* PROMPT *
In the copy, keep the lines from the first line of the material below through the line containing "scarpa casual da" exactly as they are, and include no pictures.

────────

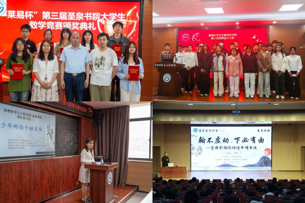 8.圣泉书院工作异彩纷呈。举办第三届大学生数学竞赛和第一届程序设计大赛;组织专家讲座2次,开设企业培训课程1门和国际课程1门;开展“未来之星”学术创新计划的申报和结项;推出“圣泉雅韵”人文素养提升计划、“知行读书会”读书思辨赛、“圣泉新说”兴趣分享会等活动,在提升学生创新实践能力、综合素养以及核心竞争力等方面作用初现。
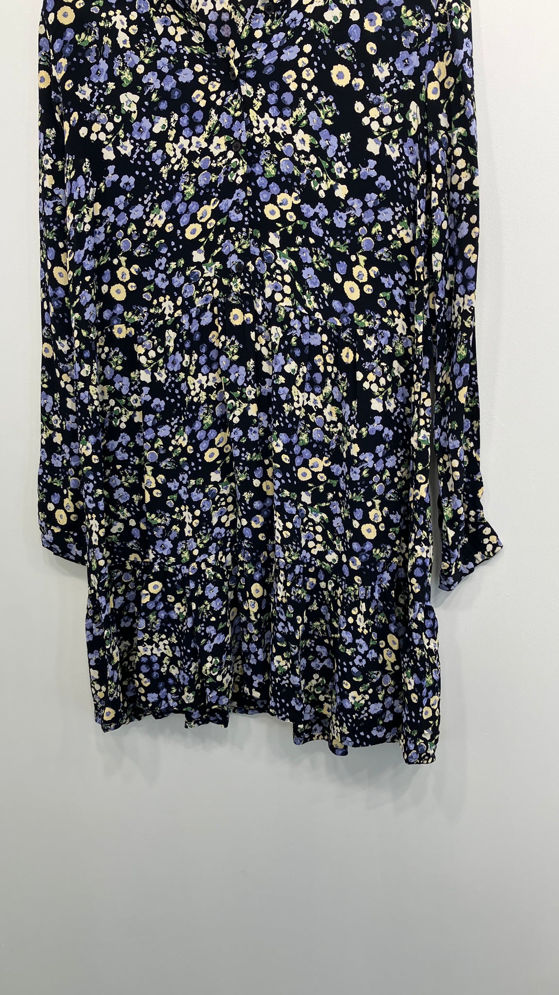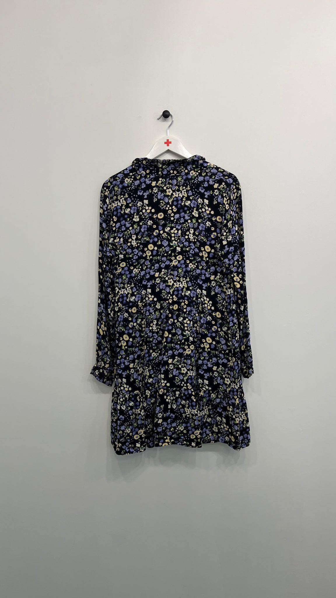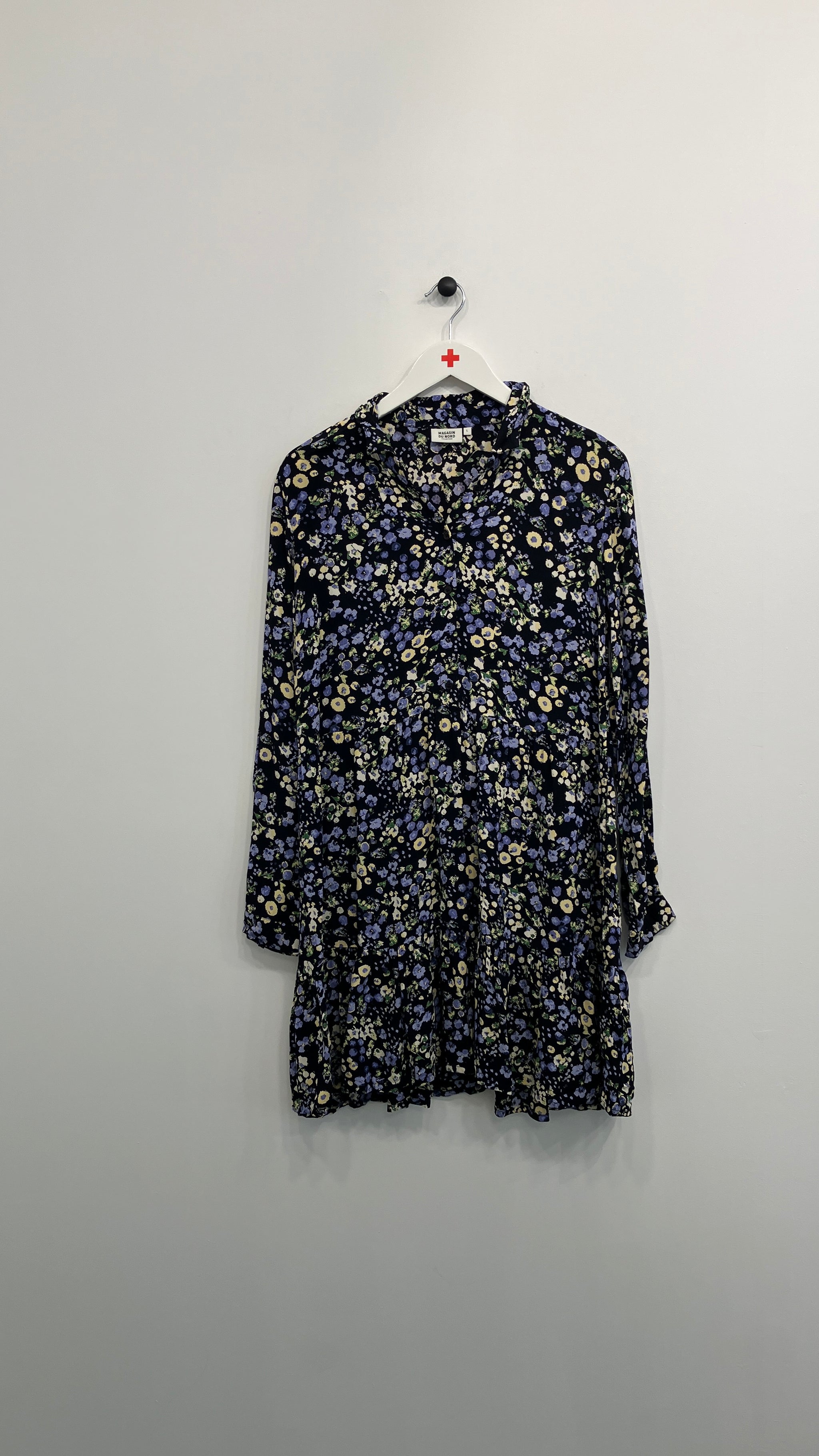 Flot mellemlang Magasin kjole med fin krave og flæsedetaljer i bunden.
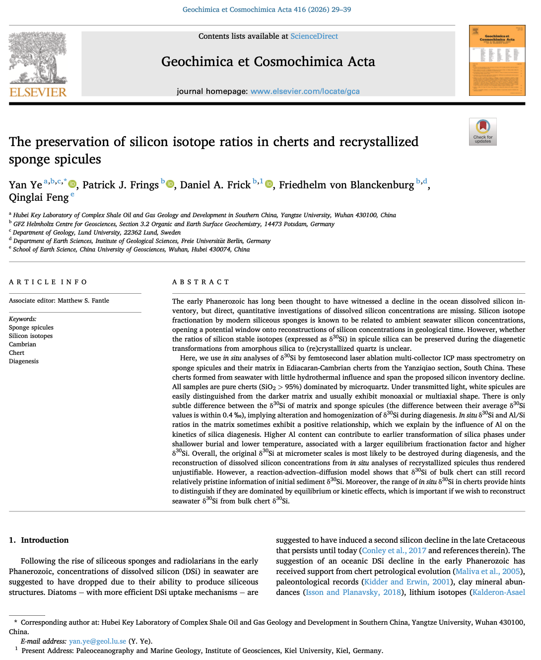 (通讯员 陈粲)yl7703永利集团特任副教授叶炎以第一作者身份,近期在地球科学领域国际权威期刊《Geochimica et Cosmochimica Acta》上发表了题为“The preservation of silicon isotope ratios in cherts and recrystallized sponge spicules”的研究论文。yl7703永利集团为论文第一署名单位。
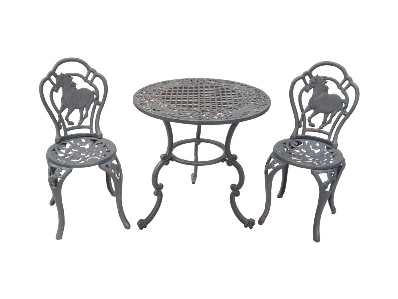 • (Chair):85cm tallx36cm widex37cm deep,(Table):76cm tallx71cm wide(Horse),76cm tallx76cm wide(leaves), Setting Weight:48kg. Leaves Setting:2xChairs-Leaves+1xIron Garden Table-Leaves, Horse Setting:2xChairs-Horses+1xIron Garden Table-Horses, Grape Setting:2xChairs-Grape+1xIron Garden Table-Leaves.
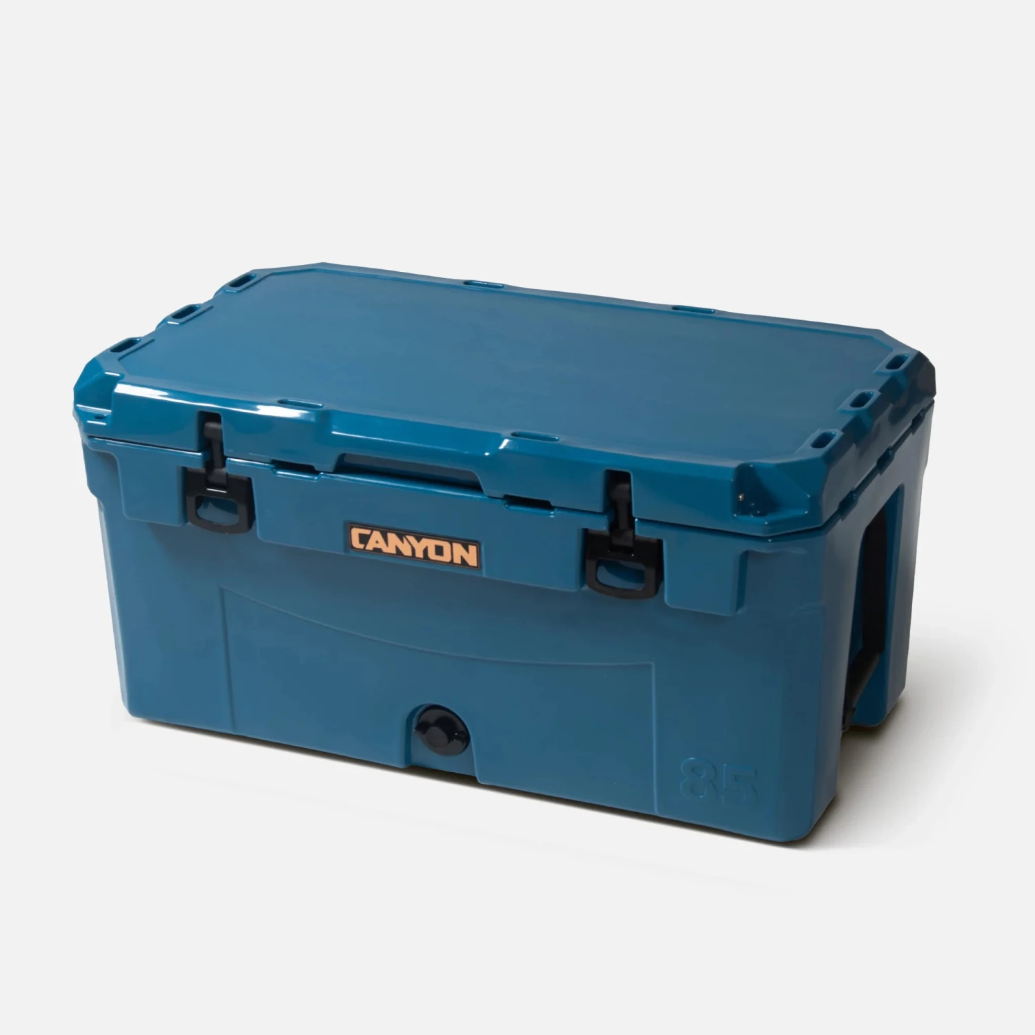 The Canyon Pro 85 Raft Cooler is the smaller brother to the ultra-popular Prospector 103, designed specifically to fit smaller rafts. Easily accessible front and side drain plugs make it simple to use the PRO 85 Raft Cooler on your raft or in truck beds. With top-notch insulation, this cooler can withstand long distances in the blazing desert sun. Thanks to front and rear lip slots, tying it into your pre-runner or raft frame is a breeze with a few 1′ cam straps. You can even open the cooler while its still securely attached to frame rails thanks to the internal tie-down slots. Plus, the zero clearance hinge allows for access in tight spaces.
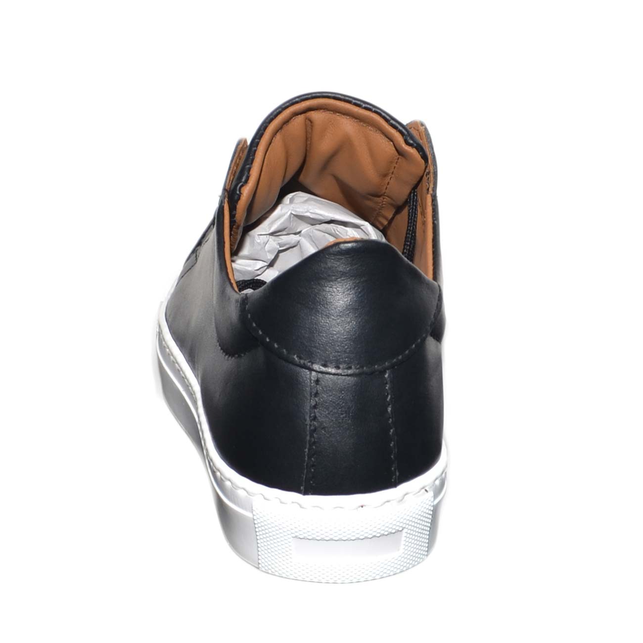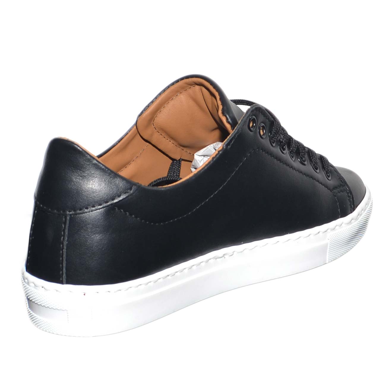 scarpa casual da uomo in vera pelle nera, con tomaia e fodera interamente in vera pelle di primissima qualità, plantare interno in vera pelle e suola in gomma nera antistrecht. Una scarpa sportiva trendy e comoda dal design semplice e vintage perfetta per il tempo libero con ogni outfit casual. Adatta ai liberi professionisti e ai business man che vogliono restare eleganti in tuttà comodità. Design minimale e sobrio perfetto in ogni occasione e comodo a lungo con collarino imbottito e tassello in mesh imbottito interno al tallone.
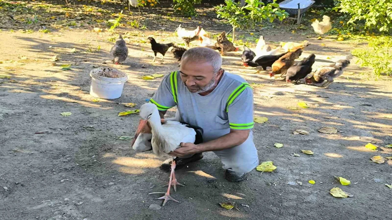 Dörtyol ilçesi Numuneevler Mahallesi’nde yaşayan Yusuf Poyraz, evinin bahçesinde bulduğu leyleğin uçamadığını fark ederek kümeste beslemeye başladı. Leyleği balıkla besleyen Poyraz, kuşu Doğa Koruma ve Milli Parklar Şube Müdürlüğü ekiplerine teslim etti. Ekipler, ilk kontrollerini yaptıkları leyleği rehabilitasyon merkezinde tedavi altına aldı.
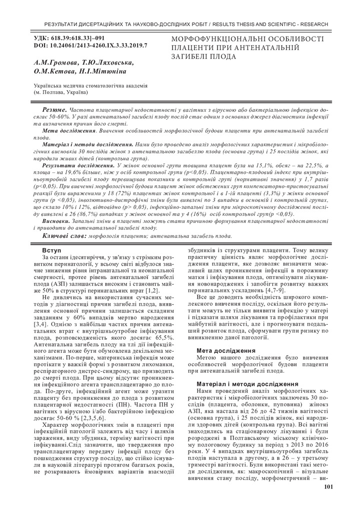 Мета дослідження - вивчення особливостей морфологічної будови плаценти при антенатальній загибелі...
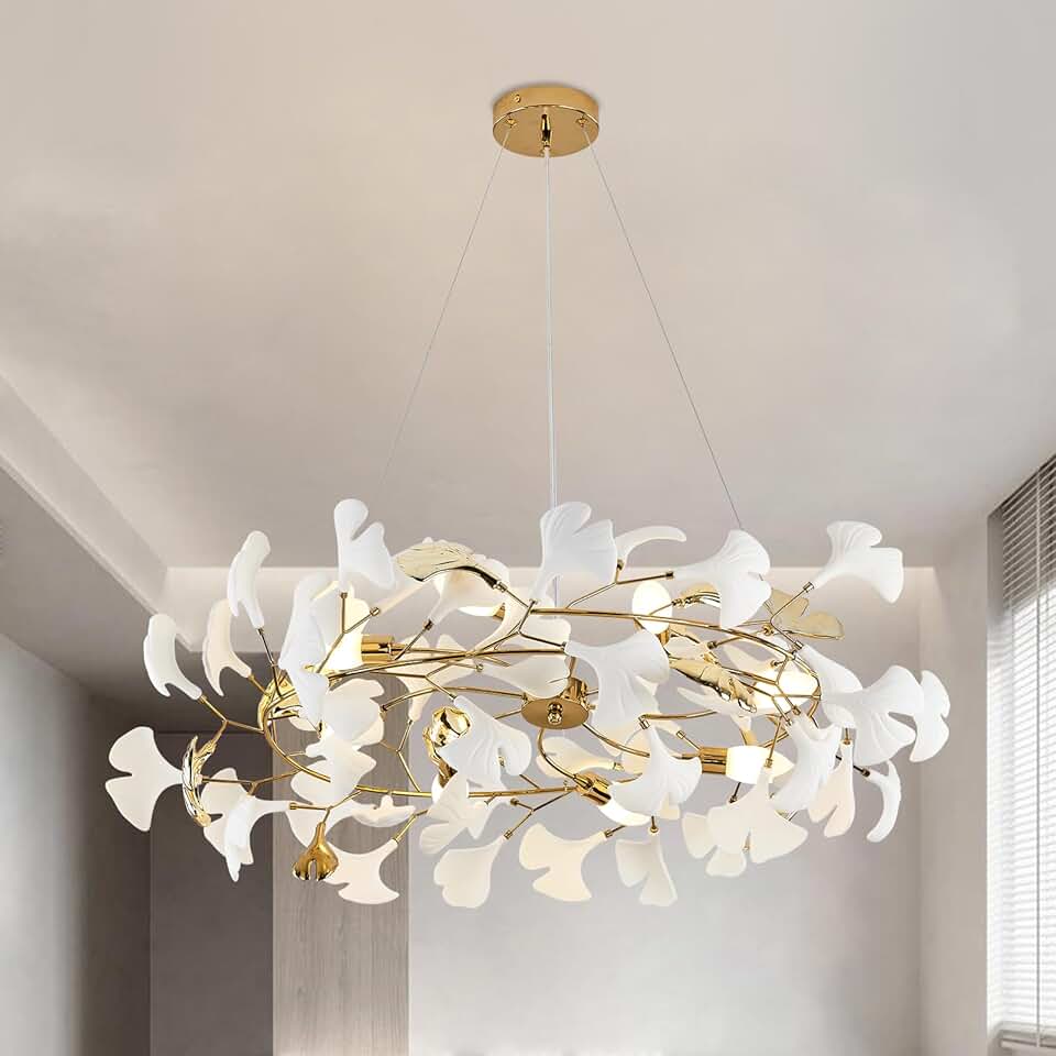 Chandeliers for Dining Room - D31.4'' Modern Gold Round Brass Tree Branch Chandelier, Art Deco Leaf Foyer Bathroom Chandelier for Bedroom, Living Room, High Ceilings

────────

* EXERCISE SOLUTION *
 8.圣泉书院工作异彩纷呈。举办第三届大学生数学竞赛和第一届程序设计大赛;组织专家讲座2次,开设企业培训课程1门和国际课程1门;开展“未来之星”学术创新计划的申报和结项;推出“圣泉雅韵”人文素养提升计划、“知行读书会”读书思辨赛、“圣泉新说”兴趣分享会等活动,在提升学生创新实践能力、综合素养以及核心竞争力等方面作用初现。
 Flot mellemlang Magasin kjole med fin krave og flæsedetaljer i bunden.
 (通讯员 陈粲)yl7703永利集团特任副教授叶炎以第一作者身份,近期在地球科学领域国际权威期刊《Geochimica et Cosmochimica Acta》上发表了题为“The preservation of silicon isotope ratios in cherts and recrystallized sponge spicules”的研究论文。yl7703永利集团为论文第一署名单位。
 • (Chair):85cm tallx36cm widex37cm deep,(Table):76cm tallx71cm wide(Horse),76cm tallx76cm wide(leaves), Setting Weight:48kg. Leaves Setting:2xChairs-Leaves+1xIron Garden Table-Leaves, Horse Setting:2xChairs-Horses+1xIron Garden Table-Horses, Grape Setting:2xChairs-Grape+1xIron Garden Table-Leaves.
 The Canyon Pro 85 Raft Cooler is the smaller brother to the ultra-popular Prospector 103, designed specifically to fit smaller rafts. Easily accessible front and side drain plugs make it simple to use the PRO 85 Raft Cooler on your raft or in truck beds. With top-notch insulation, this cooler can withstand long distances in the blazing desert sun. Thanks to front and rear lip slots, tying it into your pre-runner or raft frame is a breeze with a few 1′ cam straps. You can even open the cooler while its still securely attached to frame rails thanks to the internal tie-down slots. Plus, the zero clearance hinge allows for access in tight spaces.
 scarpa casual da uomo in vera pelle nera, con tomaia e fodera interamente in vera pelle di primissima qualità, plantare interno in vera pelle e suola in gomma nera antistrecht. Una scarpa sportiva trendy e comoda dal design semplice e vintage perfetta per il tempo libero con ogni outfit casual. Adatta ai liberi professionisti e ai business man che vogliono restare eleganti in tuttà comodità. Design minimale e sobrio perfetto in ogni occasione e comodo a lungo con collarino imbottito e tassello in mesh imbottito interno al tallone.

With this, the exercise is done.